Genesis 2-3: Adam and Original Sin



I wrote a post a while back on Adam and the significance of his character in biblical history. In this post, I want to go a little bit deeper into who Adam is. I was reading a book a while back entitled Four Views on the Historical Adam. To some, a book like this may be crazy. Many may see Adam as a necessary being for the Bible to function properly as a whole. However, I would make the claim otherwise. One of the contributors to this book, Denis Lamoureux, argued for a non-historical Adam. In the book, he makes a very profound statement:


“Adam [and Eve] never existed, and this fact has no impact whatsoever on the foundational beliefs of Christianity.”
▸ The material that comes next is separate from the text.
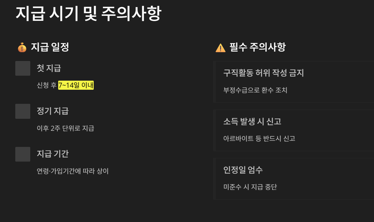 - ✔ 정해진 인정일 미준수 시 지급 중단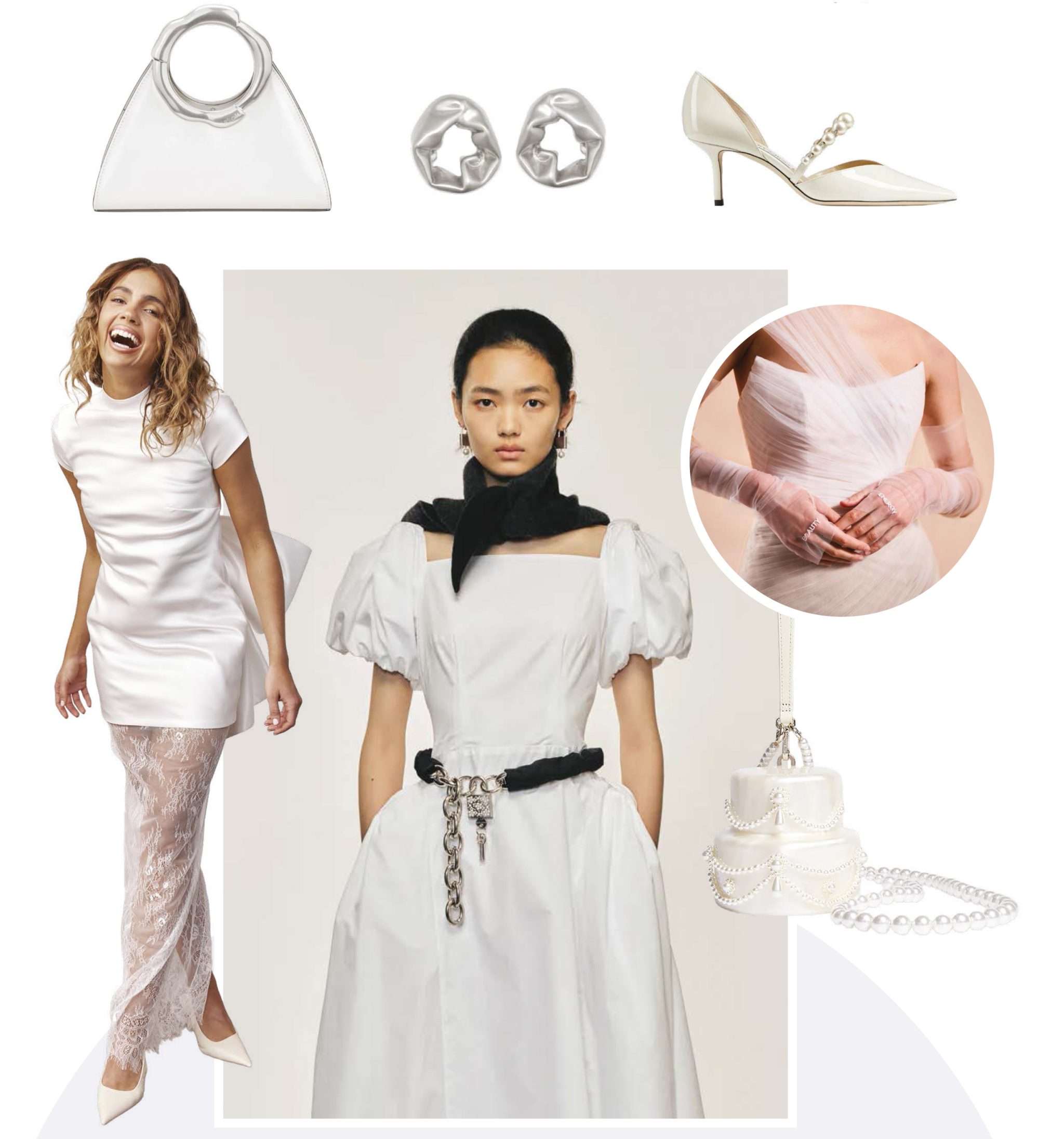 These looks are for the future-facing romantics who want their wedding outfit to feel like a transmission from another timeline. Think liquid textures, sculptural silhouettes, chrome flashes and strong silhouettes. These pieces pull their inspiration from the idea of liquid silver, Y2K nostalgia and the next-gen of ‘anti-bride’ design.

Now, I am unwilling to make this much of a profound statement. Why? Because I am unsure if I agree with the first part of it. Now, let me phrase it how I would:


“Adam [and Eve] may have never existed, but regardless of whether they did or not, this has no impact whatsoever on the foundational beliefs of Christianity.”


Now, do I think Adam existed? I would argue that the question is completely irrelevant. It’s not a question I’m even willing to answer. The reason why is because the truth of Adam’s function does not hinge on his historicity.


In my last post on Genesis 1, I wrote about the purpose of the creation story was not to give an account of material origins, but rather an account of functional origins. Carry that over into Genesis 2. Now, the focus in this chapter is on humanity. God creates man for the purpose of giving him a function. The Hebrew word, “man”, literally means “Adam.” (This just happens to be a strange coincidence that the Hebrew word for “man” is also an english name.) I would propose that Adam is simply a representation of mankind as a whole. The function of Genesis 2 is to give man a purpose on this earth. God created us to thrive on this earth in perfect harmony with his creation, but, as Genesis 3 points out, we messed up and sinned against God. The focus is not a woman eating from a tree because a snake told her to. The focus is on the fact that humankind is sinful and we disobeyed God.


Now, I’m often asked how we can reconcile original sin and the human soul with evolutionary history. Again, I don’t feel it’s worth answering. The reason why is because adding evolutionary history into the mix literally does nothing to our understanding of the emergence of the human soul or original sin. Evolution is telling a story. It’s telling a material story of how we arrived here. The narrative in Genesis 2-3 is simply telling us that man is created in the image of God, and that we fell. The difference here is that one is a scientific truth, while the other remains a theological one. Evolutionary history cannot answer questions about God’s image being in human beings. Nor can it tell us about how human beings fell away from God. That is left up to a whole different set of issues.


So, in a nutshell, what is Genesis 2-3 trying to tell us? God created man in His image. He gave mankind a set of commands to follow and, as long as man stayed within those commands, they could live in His creation free from the effects of sin. Man sinned against God by breaking these commands and turning our back on Him, we fell away from His grace, and now we are forced to live in a world infected with sin. The purpose of Genesis 2-3 is actually very simple. It is just overcomplicated if you take a scientific approach to it.